The present study represents our continuous efforts to determine recipient outcomes following liver transplantation. We have defined a mathematical model that accurately estimates patient survival based on readily available preoperative factors. These include recipient age, donor age, recipient creatinine, recipient total bilirubin, PT, retransplantation, and warm and cold ischemia times. The mean warm ischemia time for the surgical team should be a well-known value, and the expected cold ischemia time could be easily calculated before transplantation. The application of this model should accurately determine the expected survival rates for patients undergoing first or second transplantation.

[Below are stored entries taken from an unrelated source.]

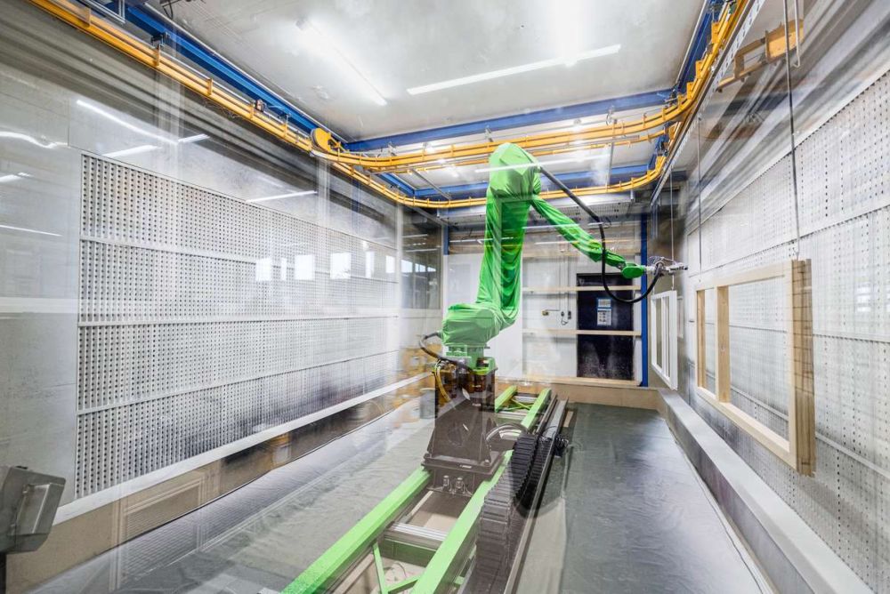 Was für welchen Betrieb geeignet ist, hat mit der produzierten Menge und den Platzverhältnissen zu tun. Die Oberflächenbearbeitungsanlage und somit auch das Grundiersystem müssen firmenspezifisch und immer mit allen erforderlichen Fachleuten besprochen und geplant werden. Denn die Auswirkungen der Anlagenwahl können bis in die Fensterkonstruktion hineinreichen. Alleine schon der Umstand, dass Fenster immer grösser werden, verlangt nach einem entsprechend hohen Raum, denn nebst dem Platzbedarf fürs Aufhängen müssen darüber auch die Förderanlage mit den Haken so-wie die Belüftungstechnik untergebracht werden. Bei heutigen Anlagen legt man aus- serdem grossen Wert auf Ökologie und Nachhaltigkeit. Wird beispielsweise bei den Anlagen der New Wälti AG der Lackierprozess unterbrochen, schalten sie sich automatisch in den Sparmodus.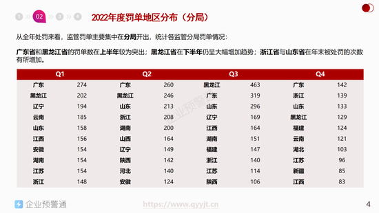 从罚单数量地区分布来看,黑龙江省罚单有1040张,跃至第一,广东和山东均超800张,相较今年上半年有所变化。其中,广东省和黑龙江省的罚单数在上半年较为突出,黑龙江省在下半年仍呈大幅增加趋势,浙江省与山东省在年末被处罚的次数有所增加。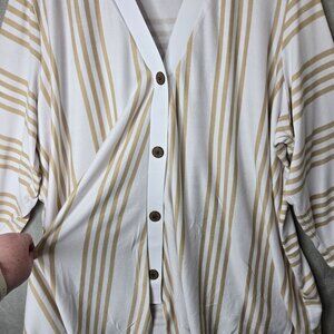 Light weight cardigan, beige and white stripes with V neckline and button front

We have previously reported the factors that influenced patient and graft survival in transplantation of HCV recipients at our center. ⁵ Univariate analysis of 19 donor, recipient, and operative factors demonstrated that increases in the age of the recipient (>52 years) and preoperative serum creatinine (>1 mg/dL) had an adverse impact on patient survival. By multivariate analysis, factors that simultaneously predicted patient survival included UNOS status, donor female gender, recipient age, and serum creatinine. This study attempted to validate such factors in a large cohort of patients derived from the UNOS database. Because of the variation between the UCLA cohort and the broad-based UNOS population, we elected to evaluate additional factors to our analysis based on the previously reported significance of such factors 7,14,15,17–19,22,26 in an attempt to obtain a universal model that predicts survival of all liver transplants.

This strategy outlined the inherent differences between single-center and national datasets. While some factors were significant in both databases, the effect of others may not be immediately apparent in relatively small datasets where surgical practices are homogeneous. For example, warm and cold ischemia times, not significant in our original study, exhibited vital importance in the final model based on the UNOS data. Additionally, the UNOS status of the recipient, although critical to the UCLA cohort, ceased to be significant when applied to the UNOS population, where other, more objective parameters for the condition of the patient were used. However, the final UNOS-derived model was validated in the smaller UCLA cohort. Thus, single-center experiences are crucial to the validation of any model to confirm its applicability to a wide range of surgical practices.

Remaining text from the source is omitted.